### EXERCISE INSTRUCTIONS
Type out all the records word for word. Any pictures are to be left out.

### INFORMATION GIVEN
++++++

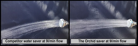 Our saver restricts water flow but at the same time infuses air into the water giving you a good shower experience as well. Our device increases the volume of the water with the added air, so a 9 litre per minute shower feels more like a 15 litre per minute shower.
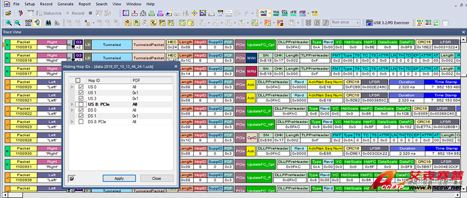 Voyager利用了傳奇的CATC Trace –行業(yè)實際的標準顯示,可以在單個視圖中顯示所有帶有標簽和交錯的數(shù)據(jù)包。邏輯USB4和邊帶通道的流量可以單獨進行跟蹤過濾,搜索或?qū)С觥?梢詳U展和折疊傳輸級別,以顯示包括所有有序集和控制數(shù)據(jù)包的邏輯層。在排隊時,它將記錄并顯示所有寄存器的讀寫,以提供路由器和路徑配置空間的清晰畫面。HopID窗口允許基于Hopid和協(xié)議定義的功能(PDF)精確隱藏流量。隔離特定路徑上的流量可為網(wǎng)絡(luò)中的每個PCIe,USB或DP適配器提供完整配置順序的連貫圖。
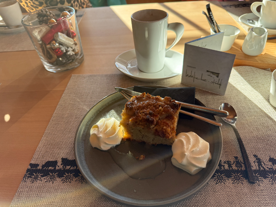 Zu Beginn ging es recht steil hoch. Beim Hohliebi-Stübli genossen wir ein feines Stuck Kuchen mit Kaffee. Dann ging es gemächlich weiter hinauf, bis auf 1'630 Hm. Kurvenreich absteigend kamen wir bei einem Staffel an, wo wir Mittagshalt machten und die wärmenden Sonnenstrahlen genossen.
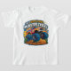 design para uma camiseta de monstro para crianças, apresentando um grande e brilhante caminhão de monstro com rodas superdimensionadas. O caminhão está dirigindo sobre obstáculos como rampas e montículos de terra, e ele é enfeitado com números de corrida, adesivos e uma trilha de exaustão brilhante. O fundo é um padrão vivo e colorido que complementa o design do caminhão. O texto "ESSAS CRIANÇAS ADORAM MONSTER TRUCKS" é exibido de forma destacada, acrescentando um toque pessoal e mostrando a paixão da criança por caminhões monstros. O design geral é enérgico e divertido, perfeito para inspirar jovens imaginações e promover um amor pelo mundo excitante dos caminhões monstros.
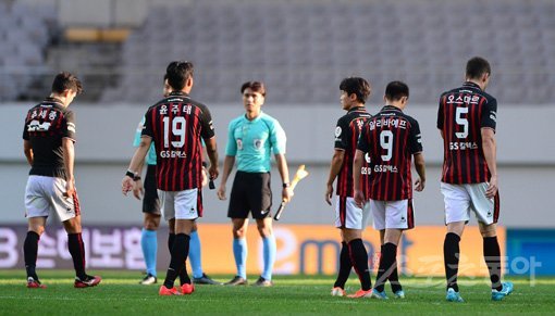 29일 서울월드컵경기장에서 열린 ‘하나원큐 K리그1 2019’ FC서울과 상주 상무의 경기에서 상주가 2-1 역전승 거뒀다. 경기 후 FC서울 선수들이 아쉬워하고 있다. 상암|김진환 기자 kwangshin00@donga.com
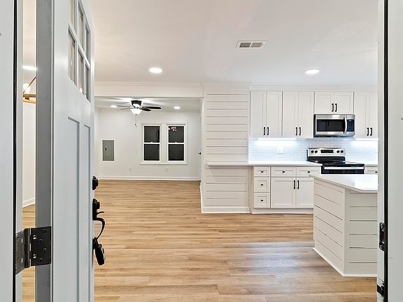 • Ceiling - Smooth, Kitchen Island, Ceiling Fan(s), Eat-in Kitchen
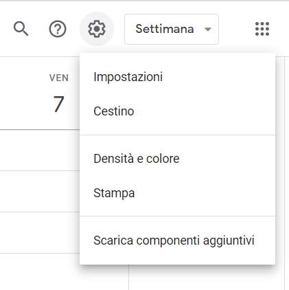 In Google Calendar, fai clic sull’icona delle Impostazioni (quella a forma di ingranaggio in alto a destra) e poi su Impostazioni.
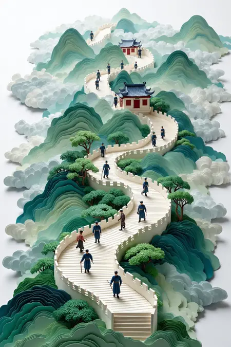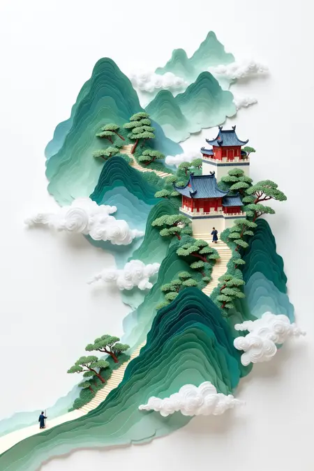 Paper - cut art with Chinese landscape elements, illustrating a steep mountain with a temple on top, a pilgrim climbing, cascading clouds, deep green and white.
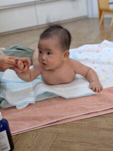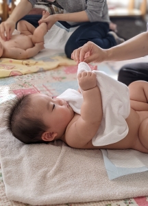 ベビーマッサージが初めての赤ちゃんは、初回は少し緊張することもあります。
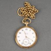 14kt gouden herenvestzakhorloge, adres: G. Brünott, Rotterdam, circa 1900, model Mercedes, Ancre Spiral Brequet uurwerk, witgeëmailleerde wijzerplaat met chronografische secondeaanduiding, geguillocheerde achterdeksel met cartouche, aan 14kt gouden horlogeketting met jasseronschakels, brutogewicht 88,6 gram, in originele cassette -werkend, binnenzijde gegraveerd-, Ø 4,75 cm
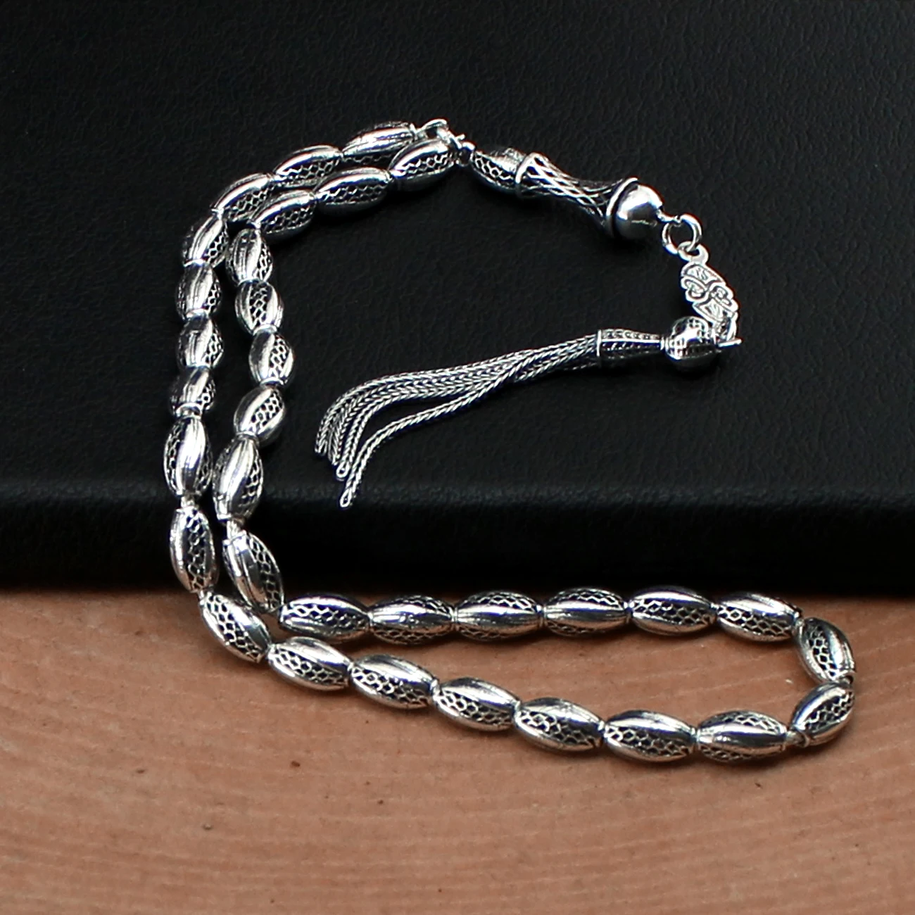 Pukka Real Стерлингового Серебра 925 33 Бусины Для Мужчин Четки Высокое качество Tasbeeh Молитва Мусульманский Браслет Misbah Аксессуар Из Бисера Подарочная Резка
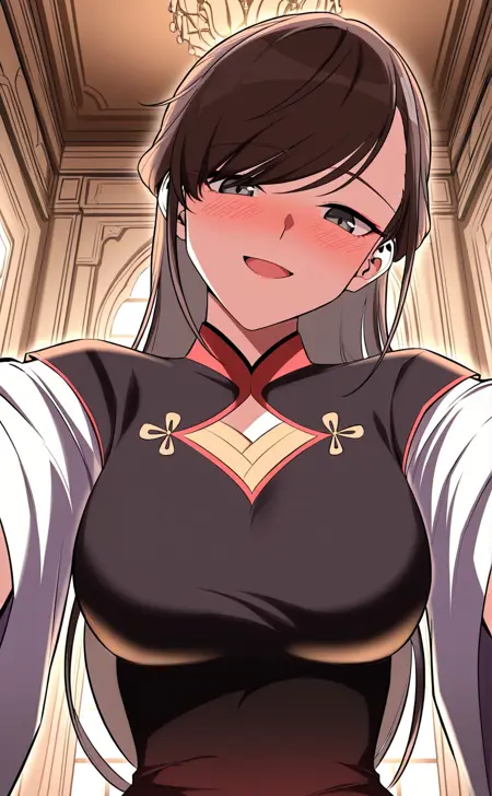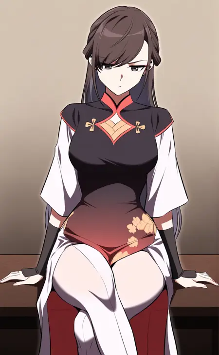 Yuhua_outfit, black and red qipao dress, gradient qipao, floral pattern, high slit dress, mandarin collar, wide white sleeves, black arm warmers, white shoes,
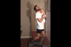 Հնարամիտ հայրը նորածնին գրկած տաբատ է հագնում (տեսանյութ)
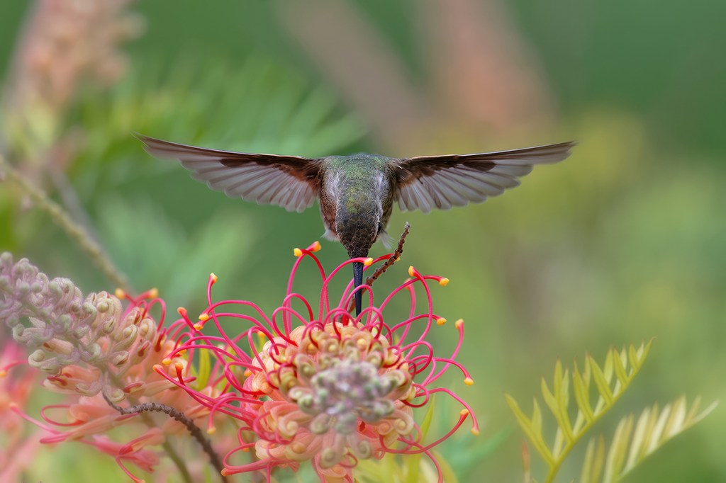 I never get tired of shooting hummingbirds. They always give different looks and poses but the challenge is finding them in a pleasing habitat.
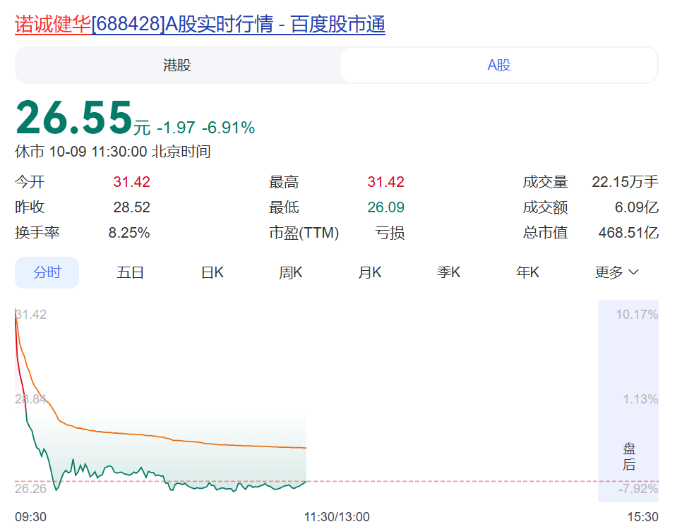 10月9日,诺诚健华股价开盘跳水,截至中午收盘,其A股股价跌近7%,港股股价跌近10%。不过,年初至今其A股和港股股价均已翻倍。
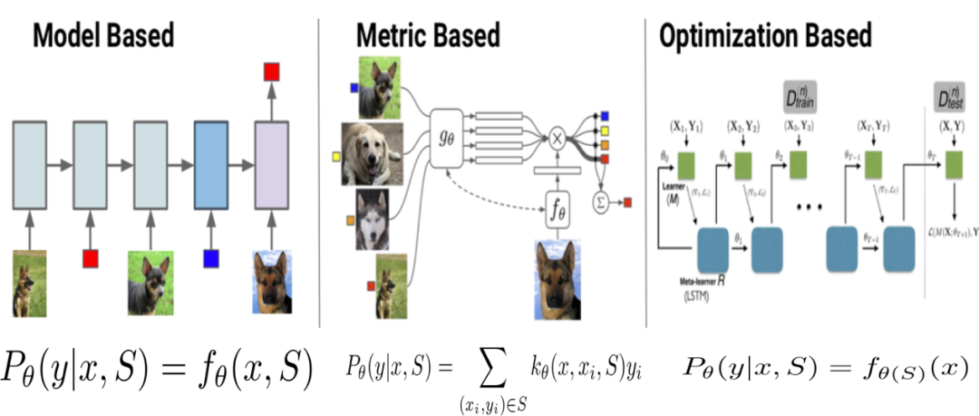 现有的 few-shot learning 模型大致可分为三类,如图 3 所示: Mode Based,Metric Based 和 Optimization Based。其中 Model Based 旨在通过模型结构的设计快速在少量样本上更新参数,直接建立输入 x 和预测值 P 的应设函数;Metric Based 方法通过度量 batch 集中的样本和 support 集中样本的距离,借助最近邻的思想完成分类;Optimization Based 方法认为普通的梯度下降方法难以在 few-shot 场景下拟合,因此通过调整优化方法来完成小样本分类的任务。具体内容可以参考我们之前的小样本学习综述。
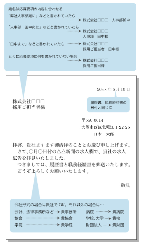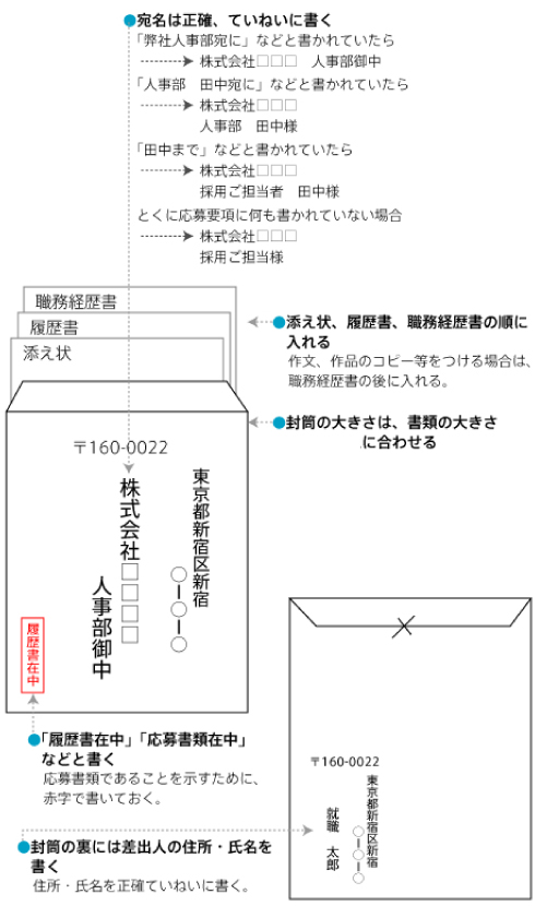 新聞などの社員募集記事には「株式会社 △△△ 人事部宛に書類をお送りください」などと書かれています。この場合、宛名は「株式会社△△△ 人事部御中」とします。くれぐれも「~人事部」で終わらせないようにします。
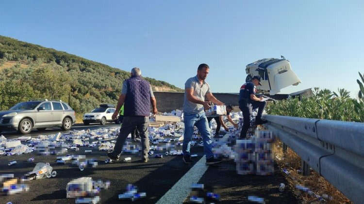 Bursa'da TIR devrildi: 25 ton içecek yola saçıldı
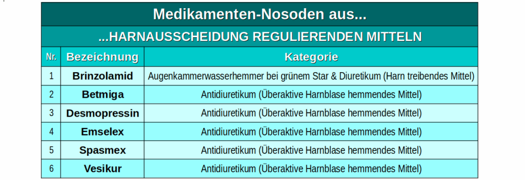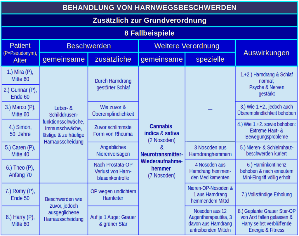 In der Hälfte der 8 aufgelisteten Fälle (5. – 8. Fall) erforderten die bestehenden Beschwerden weitere Arzneien – insbesondere die folgenden aus ursprünglichen Harnausscheidung regulierenden Therapeutika gewonnene Nosoden:

++++++

### RESULT OF THIS EXERCISE
 Our saver restricts water flow but at the same time infuses air into the water giving you a good shower experience as well. Our device increases the volume of the water with the added air, so a 9 litre per minute shower feels more like a 15 litre per minute shower.
 Voyager利用了傳奇的CATC Trace –行業(yè)實際的標準顯示,可以在單個視圖中顯示所有帶有標簽和交錯的數(shù)據(jù)包。邏輯USB4和邊帶通道的流量可以單獨進行跟蹤過濾,搜索或?qū)С觥?梢詳U展和折疊傳輸級別,以顯示包括所有有序集和控制數(shù)據(jù)包的邏輯層。在排隊時,它將記錄并顯示所有寄存器的讀寫,以提供路由器和路徑配置空間的清晰畫面。HopID窗口允許基于Hopid和協(xié)議定義的功能(PDF)精確隱藏流量。隔離特定路徑上的流量可為網(wǎng)絡(luò)中的每個PCIe,USB或DP適配器提供完整配置順序的連貫圖。
 Zu Beginn ging es recht steil hoch. Beim Hohliebi-Stübli genossen wir ein feines Stuck Kuchen mit Kaffee. Dann ging es gemächlich weiter hinauf, bis auf 1'630 Hm. Kurvenreich absteigend kamen wir bei einem Staffel an, wo wir Mittagshalt machten und die wärmenden Sonnenstrahlen genossen.
 design para uma camiseta de monstro para crianças, apresentando um grande e brilhante caminhão de monstro com rodas superdimensionadas. O caminhão está dirigindo sobre obstáculos como rampas e montículos de terra, e ele é enfeitado com números de corrida, adesivos e uma trilha de exaustão brilhante. O fundo é um padrão vivo e colorido que complementa o design do caminhão. O texto "ESSAS CRIANÇAS ADORAM MONSTER TRUCKS" é exibido de forma destacada, acrescentando um toque pessoal e mostrando a paixão da criança por caminhões monstros. O design geral é enérgico e divertido, perfeito para inspirar jovens imaginações e promover um amor pelo mundo excitante dos caminhões monstros.
 29일 서울월드컵경기장에서 열린 ‘하나원큐 K리그1 2019’ FC서울과 상주 상무의 경기에서 상주가 2-1 역전승 거뒀다. 경기 후 FC서울 선수들이 아쉬워하고 있다. 상암|김진환 기자 kwangshin00@donga.com
 • Ceiling - Smooth, Kitchen Island, Ceiling Fan(s), Eat-in Kitchen
 In Google Calendar, fai clic sull’icona delle Impostazioni (quella a forma di ingranaggio in alto a destra) e poi su Impostazioni.
 Paper - cut art with Chinese landscape elements, illustrating a steep mountain with a temple on top, a pilgrim climbing, cascading clouds, deep green and white.
 ベビーマッサージが初めての赤ちゃんは、初回は少し緊張することもあります。
 14kt gouden herenvestzakhorloge, adres: G. Brünott, Rotterdam, circa 1900, model Mercedes, Ancre Spiral Brequet uurwerk, witgeëmailleerde wijzerplaat met chronografische secondeaanduiding, geguillocheerde achterdeksel met cartouche, aan 14kt gouden horlogeketting met jasseronschakels, brutogewicht 88,6 gram, in originele cassette -werkend, binnenzijde gegraveerd-, Ø 4,75 cm
 Pukka Real Стерлингового Серебра 925 33 Бусины Для Мужчин Четки Высокое качество Tasbeeh Молитва Мусульманский Браслет Misbah Аксессуар Из Бисера Подарочная Резка
 Yuhua_outfit, black and red qipao dress, gradient qipao, floral pattern, high slit dress, mandarin collar, wide white sleeves, black arm warmers, white shoes,
 Հնարամիտ հայրը նորածնին գրկած տաբատ է հագնում (տեսանյութ)
 I never get tired of shooting hummingbirds. They always give different looks and poses but the challenge is finding them in a pleasing habitat.
 10月9日,诺诚健华股价开盘跳水,截至中午收盘,其A股股价跌近7%,港股股价跌近10%。不过,年初至今其A股和港股股价均已翻倍。
 现有的 few-shot learning 模型大致可分为三类,如图 3 所示: Mode Based,Metric Based 和 Optimization Based。其中 Model Based 旨在通过模型结构的设计快速在少量样本上更新参数,直接建立输入 x 和预测值 P 的应设函数;Metric Based 方法通过度量 batch 集中的样本和 support 集中样本的距离,借助最近邻的思想完成分类;Optimization Based 方法认为普通的梯度下降方法难以在 few-shot 场景下拟合,因此通过调整优化方法来完成小样本分类的任务。具体内容可以参考我们之前的小样本学习综述。
 新聞などの社員募集記事には「株式会社 △△△ 人事部宛に書類をお送りください」などと書かれています。この場合、宛名は「株式会社△△△ 人事部御中」とします。くれぐれも「~人事部」で終わらせないようにします。
 Bursa'da TIR devrildi: 25 ton içecek yola saçıldı
 In der Hälfte der 8 aufgelisteten Fälle (5. – 8. Fall) erforderten die bestehenden Beschwerden weitere Arzneien – insbesondere die folgenden aus ursprünglichen Harnausscheidung regulierenden Therapeutika gewonnene Nosoden:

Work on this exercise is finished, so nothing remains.